Hour 11 – Challenge your Inner Control Freak

Hey, thanks for joining me on hour four of this fabulous art-a-thon!

My biggest challenge as an artist is to shut down my inner control freak, especially during the initial stages of a project, when control tends to squash inspiration. Icky, as I fondly refer to my inner control freak, lives in the left hemisphere of my brain. She is loud and opinionated, and wants to be in control of every step of the project. She spitefully throws up road blocks as soon as Muse and Creativity, those gentle unicorns who reside in the right hemisphere, attempt to join the party. Before long, there’s a brawl going on between Icky and the Unicorns, effectively blocking access to the Kingdom of The Creative Process. There we all sit, fuming at each other in the Forest of Frustration, just one giant stone wall away from the bliss of creating something.

If your brain plays similar creativity-blocking shenanigans on you, alcohol ink can be quite therapeutic. It’s a medium that has a way of defying control, especially at the beginning of a project. Each ink has its own agenda when it comes to movement, mixing and patterning, so it’s hard to plan or predict an outcome. One minute, the painting can look promising as a floral, and a minute later, it could morph into a herd of wild buffalo thundering across the tundra. Icky gets anxiety attacks over this much randomness, so she usually goes on a little mediation retreat during this part.
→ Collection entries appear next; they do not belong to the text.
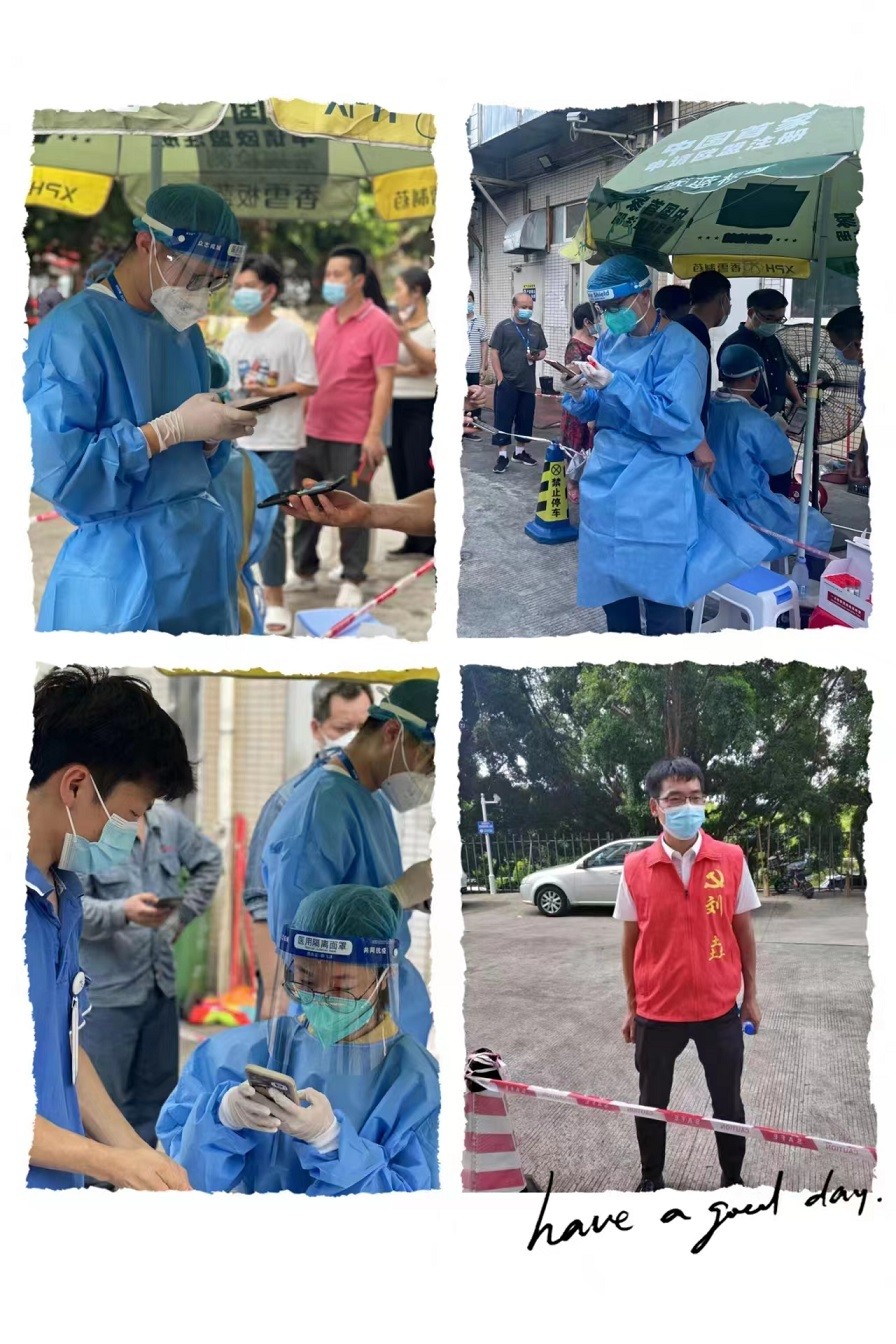 为起劲响应社区防控要求,,,,,,,,充分验展党员先锋模范作用,,,,,,,,7月18日新宝gg科技党支部组织党员同志加入疫情防控事情,,,,,,,,支部党员刘垚、于园、胡仁涛同志及生长工具王淮边同志加入了疫情防控事情,,,,,,,,为核酸检测扫码挂号,,,,,,,,维持秩序。。。。。。。。各人排队经由的时间,,,,,,,,都没有发明漂亮的于园同志,,,,,,,,潇洒的胡仁涛同志,,,,,,,,帅气的王淮边同志变身臃肿的大蓝,,,,,,,,在大电扇一股股热风中挥汗如雨,,,,,,,,几个小时下来腰酸背痛,,,,,,,,人都有点虚脱了。。。。。。。。可是能够为深圳的防疫事情尽到一点实力,,,,,,,,他们年轻的脸上尽是知足的笑容。。。。。。。。今天的核酸点飘扬的是新宝gg科技党支部的旌旗。。。。。。。。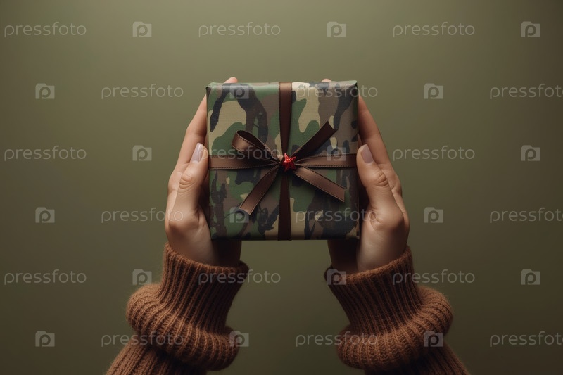 Близкий план женских рук, держащих подарок на День защитника Отечества в камуфляжной упаковке с атласной лукой. концепция праздника 23 февраля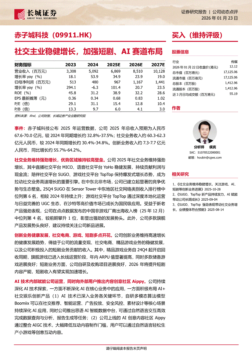 赤子城科技:长城证券-赤子城科技-9911.HK-社交主业稳健增长,加强短剧、AI赛道布局-260123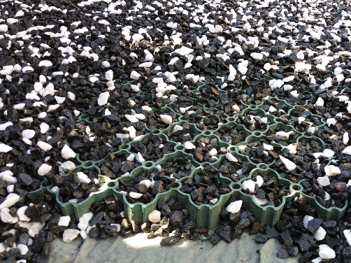 Mit Wabenmatten ist Splitt/Kies bequem begehbar. Im Gegensatz zu losem Material, sackt man nicht mehr ein. Mit Wabenmatten bereitet das Begehen sogar mit Stöckelschuhen und das Befahren mit Kinderwagen oder Rollstuhl, dem Fahrrad, Motorrad, PKW oder LKW auf Splitt und Kies kein Problem mehr.

With Icky out of the way, Muse and Creativity frolic all over the canvas, ideas flowing like beer at a frat party. Once the mood and general feel of the painting gets established, THEN Icky gets to come back and play, appropriately adding form, structure and meaning to the piece.

If you’re confused, (which you definitely would be if you’ve never played with alcohol inks), no worries! By the end of this prompt, you’ll be slapping your own Icky into submission as your unicorns happily dance free as the wind all over your Yupo. Sounds, uh… fun, right?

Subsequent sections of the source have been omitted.